PROFESSOR JAMES PISCATORI
Well that, of course is one of the great debates of the field.  In a sense it's academic, but it also has real world implications.  Academics are obsessed with the question of what constitutes a civil society.  One can take maybe two approaches to it.  One is that it's a group which is somewhere between the state and the family or the individual, and in a sense is not controlled by the state.  And in the classic theory of this, the civil society organisations would then essentially provide a buffer against state authority, state autocracy.  You know the classic example of this, of course, is the great 19th century French writer, De Toqueville who went to America, and was terribly impressed that the American people belonged to social clubs, church groups etc.  And aid therein is the genius of American democracy. 
 
That these groups do things the government doesn't have to do and they also stand as a kind of protection against the possibility of governmental tyranny.  Now there's a second way of looking at a civil society group, which is that it has to be civil.  In the sense of virtuous, in the sense of civic commitment.
 
JENNIFER COOK
Now this is interesting because we're getting into value judgements.
 
PROFESSOR JAMES PISCATORI
Exactly.  Exactly, and of course it makes it much more difficult because it's a normative approach, but it also raises that logical question of, what is civic mindedness and is it culturally specific?  And therein to come back to your earlier question, therein is one of the great problems in the debate about the Muslim world and the Middle East in particular.  The argument, of course, tends to go that for a variety of reasons, Islamic norms, Islamic ideas, are not positively attuned to the idea of citizenship, equality, pluralism, participation.  As a result therefore, they're not civic; therefore there cannot be civil society in the Middle East or the Muslim world.  
 
In a sense, the debate is framed by a huge question mark over what do we mean by the very subject itself?  And you add to this the policy dilemma.  So the policy dilemma is for the United States, for all these countries that wish to promote democracy, well if you think that you're going to do it, one way to do it of course, is to invade and do it in a sense, push democracy from the top down.  Well that's failed.  So we'll instead support civil society or these groups in Society and through them build up a kind of a grass roots sense of commitment and eventually kind of a political culture which will sustain democratisation.  
 
Now there are now a whole series of questions that flow from that which cause problems for the democracy promotion.  
 
JENNIFER COOK
On Up Close, this episode we're speaking about the United States and their efforts to promote democracy in the Middle East.  I'm talking with Professor James Piscatori.  So James, what does a critical examination of these groups, what does it reveal about western ideals of democracy for all?
 
PROFESSOR JAMES PISCATORI
Indeed this is the assumption that democracy is the universal good.  One can understand that obviously.  In a sense the democracy that is being proposed and promoted, and that of course is one of the critical problems of the whole democracy promotion policy, is that it's culturally loaded, that it's culturally specific.  In a sense what we would like to see is Jeffersonian democracy in all of these societies, where individual rights trump collective rights.  Where equality is an unquestioned goal; where citizenship has clearly delineated rights and duties both for the individual and for government.  
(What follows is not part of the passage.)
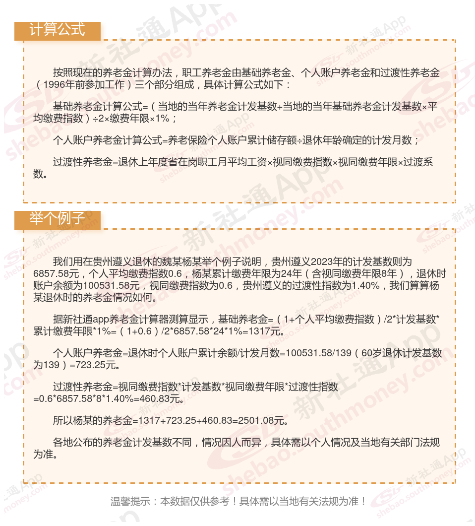 贵州遵义退休工资养老金计算方法及公式2024年最新(举例说明)
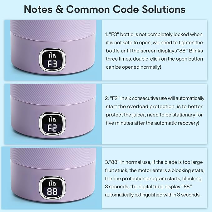 - 🍇Best Design: USB tepyC fast charging, equipped with 3000mAh capacity rechargeable battery, stronger power, while upgrading the LED display, 30S countdown fast juicing + power display, 3-5 hours can be fully charged, fully charged state can produce 15-20 cups of freshly squeezed juice, it is the good ideal portable juicer for home, office, travel, sports

Now one may ask if that even applies to western societies today.  
 
JENNIFER COOK
If we look at the policies and the approach of the Bush administration which is characterised as a hard politics approach, compared to Obama's so called soft diplomacy.  Is there such a break in the two ways that they've been implemented?  What's your opinion on that?
 
PROFESSOR JAMES PISCATORI
I perhaps have a somewhat slightly different take than most people have.  I think we can delineate quite clear differences between the Bush and Obama administrations certainly.  It is also the case that Obama is, of course, trying to disengage from many of the Bush policies such as Iraq, troubled as we now know, and some detail over Afghanistan policy et cetera.  But in fact, what strikes me when you look at the details is the remarkable similarity between the Bush and Obama administrations.  Let me try to document that for you.  
The general conventional view is for good or ill; most people for ill, the Bush administration pushed hard a democracy promotion agenda in the Middle East.  They did so, perhaps because they inherently believed in the universal value of democracy, but clearly they did so because they saw it as bound up with American security.  This of course, is post September 11.  The way to assure the security of the United States is to diffuse radicalism.  Radicalism is in the Islamic world and the way we do that is to promote democratisation.  So there's a great squaring of that circle.  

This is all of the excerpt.